> Task requirements:
Where the string "with" appears in a line of the material below, copy that line.

> Records provided:

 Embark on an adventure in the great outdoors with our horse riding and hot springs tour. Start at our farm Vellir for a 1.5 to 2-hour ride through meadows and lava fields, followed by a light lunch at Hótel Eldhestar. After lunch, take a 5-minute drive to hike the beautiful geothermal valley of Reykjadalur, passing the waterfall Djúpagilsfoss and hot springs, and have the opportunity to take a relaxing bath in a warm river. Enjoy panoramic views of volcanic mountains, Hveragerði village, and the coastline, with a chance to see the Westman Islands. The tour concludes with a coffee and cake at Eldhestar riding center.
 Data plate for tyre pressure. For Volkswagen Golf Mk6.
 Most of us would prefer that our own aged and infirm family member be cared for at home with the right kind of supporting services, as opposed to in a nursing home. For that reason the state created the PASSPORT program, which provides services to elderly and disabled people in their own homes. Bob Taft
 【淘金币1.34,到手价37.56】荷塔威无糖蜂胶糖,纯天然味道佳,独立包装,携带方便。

--

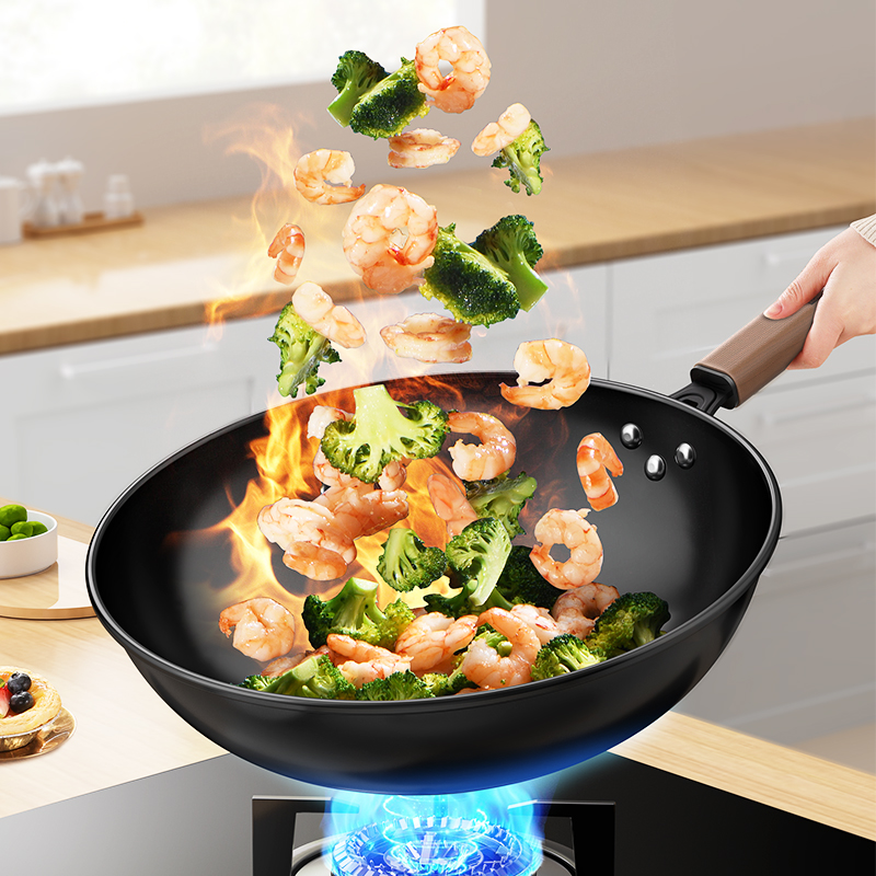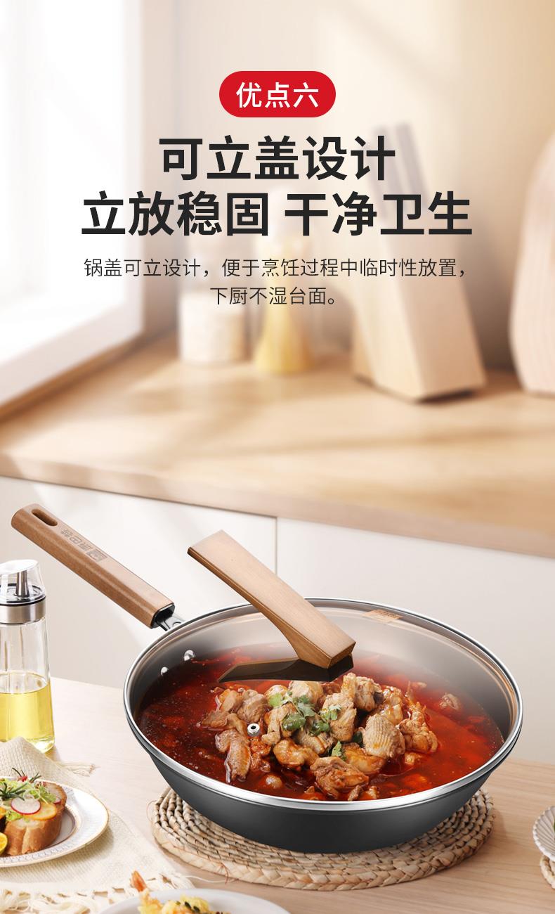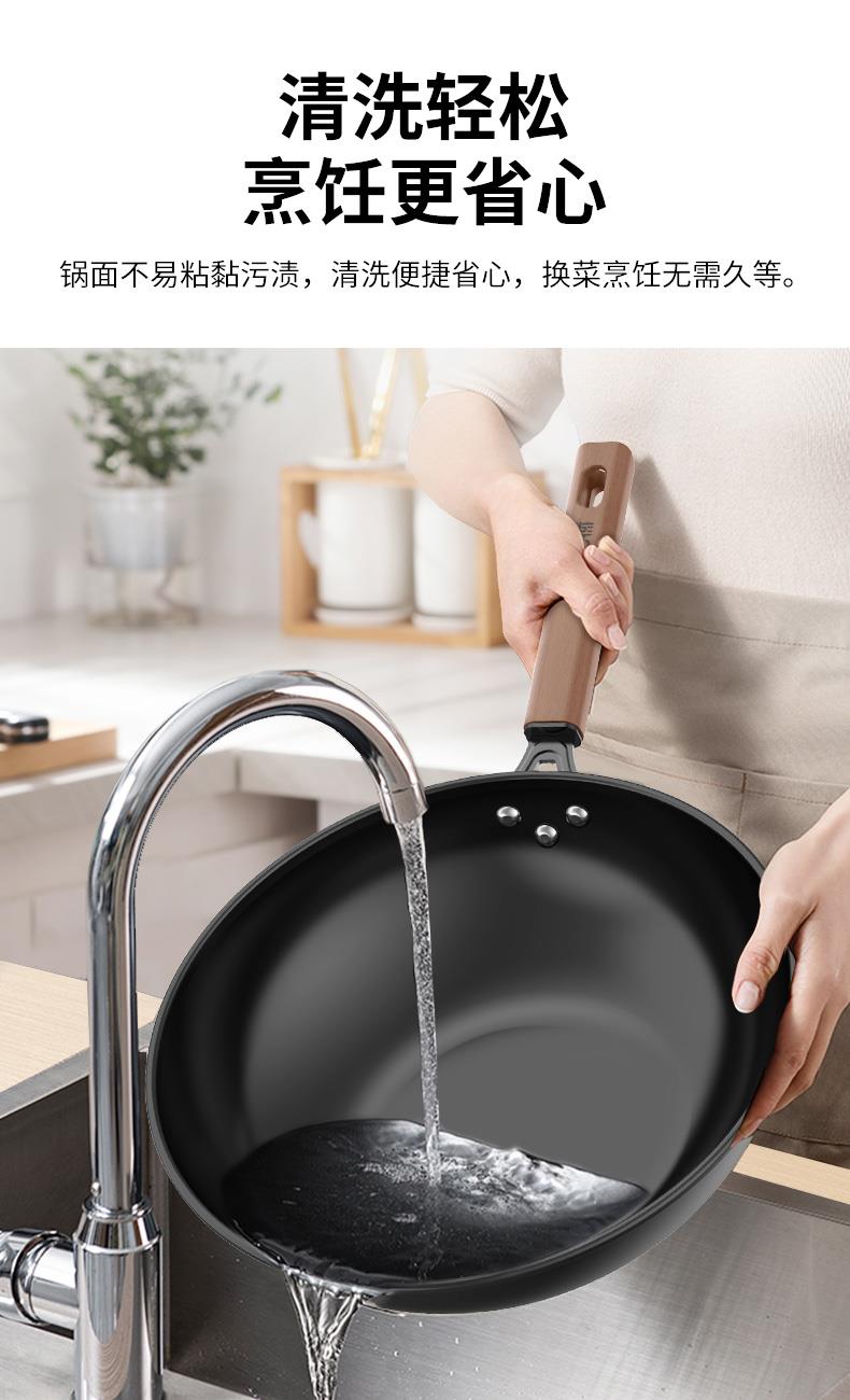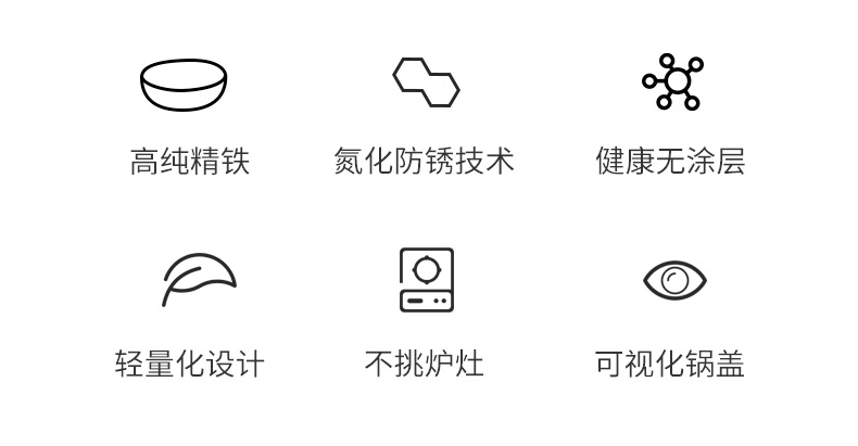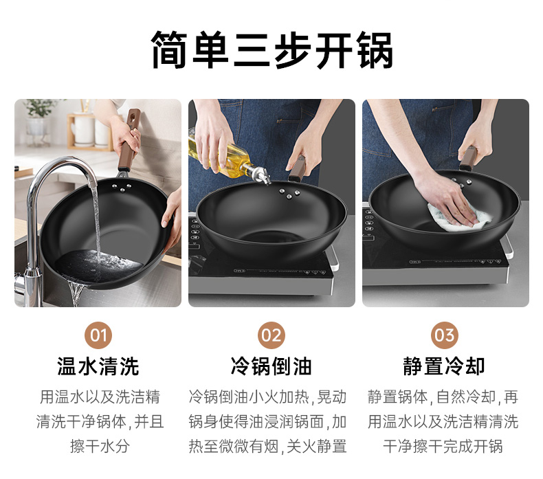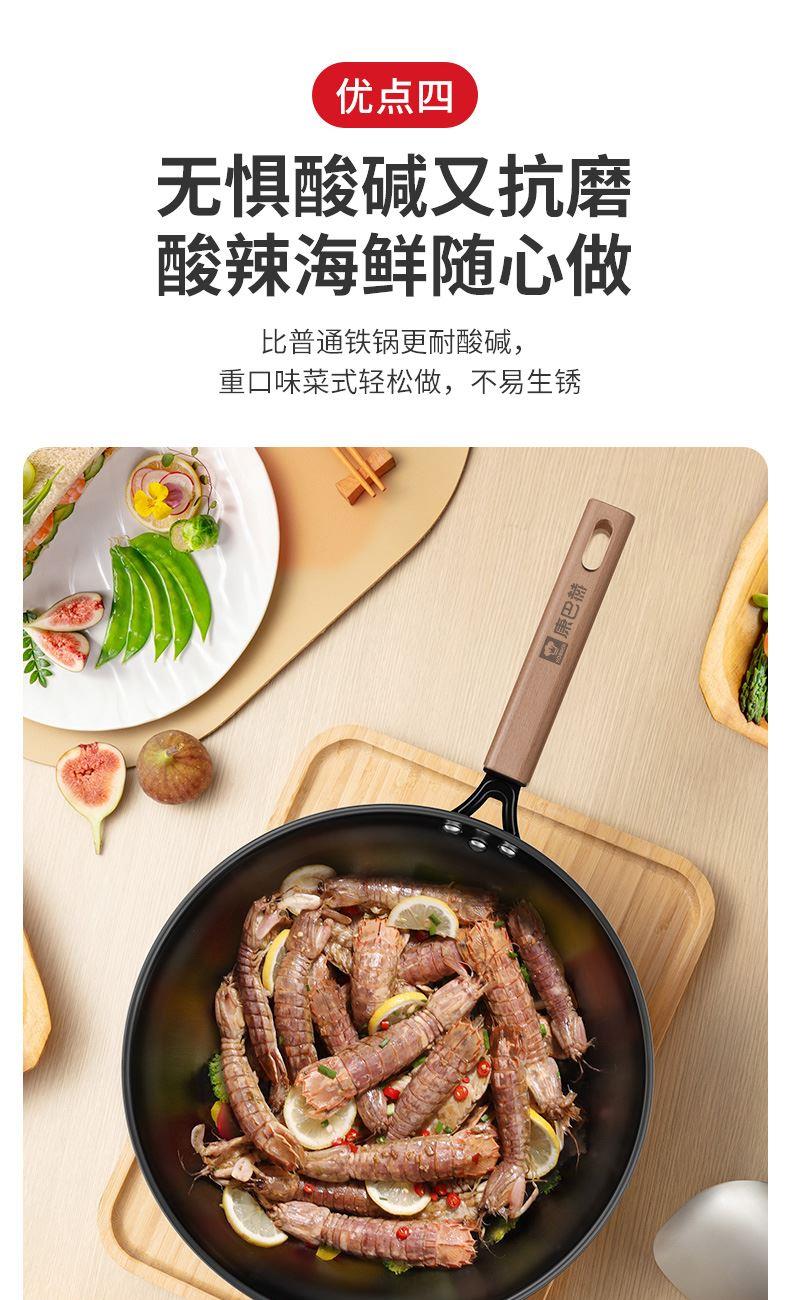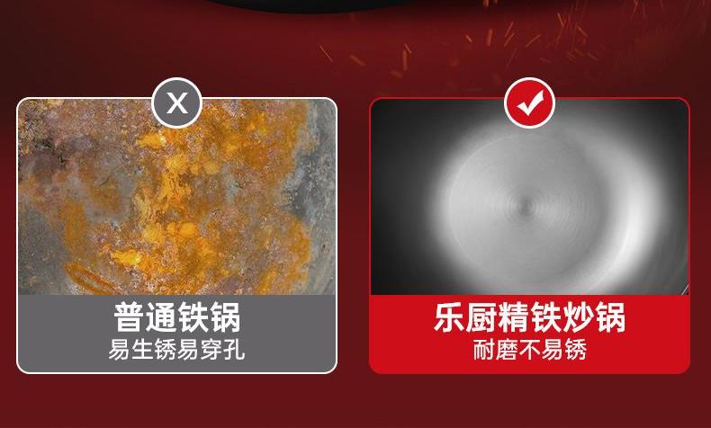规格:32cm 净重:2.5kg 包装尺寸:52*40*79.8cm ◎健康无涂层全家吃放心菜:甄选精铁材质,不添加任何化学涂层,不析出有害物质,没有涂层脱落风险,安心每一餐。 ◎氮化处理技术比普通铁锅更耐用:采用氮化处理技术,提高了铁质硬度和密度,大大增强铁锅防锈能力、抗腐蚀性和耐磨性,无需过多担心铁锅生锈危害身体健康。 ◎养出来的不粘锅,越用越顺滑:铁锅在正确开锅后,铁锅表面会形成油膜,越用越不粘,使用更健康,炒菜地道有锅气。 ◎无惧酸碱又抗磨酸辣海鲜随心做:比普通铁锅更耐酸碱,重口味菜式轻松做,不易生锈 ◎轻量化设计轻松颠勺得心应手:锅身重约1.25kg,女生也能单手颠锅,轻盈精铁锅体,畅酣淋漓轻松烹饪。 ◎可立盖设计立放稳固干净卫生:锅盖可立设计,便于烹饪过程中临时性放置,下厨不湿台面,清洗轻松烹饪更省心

> Task solution:
 Embark on an adventure in the great outdoors with our horse riding and hot springs tour. Start at our farm Vellir for a 1.5 to 2-hour ride through meadows and lava fields, followed by a light lunch at Hótel Eldhestar. After lunch, take a 5-minute drive to hike the beautiful geothermal valley of Reykjadalur, passing the waterfall Djúpagilsfoss and hot springs, and have the opportunity to take a relaxing bath in a warm river. Enjoy panoramic views of volcanic mountains, Hveragerði village, and the coastline, with a chance to see the Westman Islands. The tour concludes with a coffee and cake at Eldhestar riding center.
 Most of us would prefer that our own aged and infirm family member be cared for at home with the right kind of supporting services, as opposed to in a nursing home. For that reason the state created the PASSPORT program, which provides services to elderly and disabled people in their own homes. Bob Taft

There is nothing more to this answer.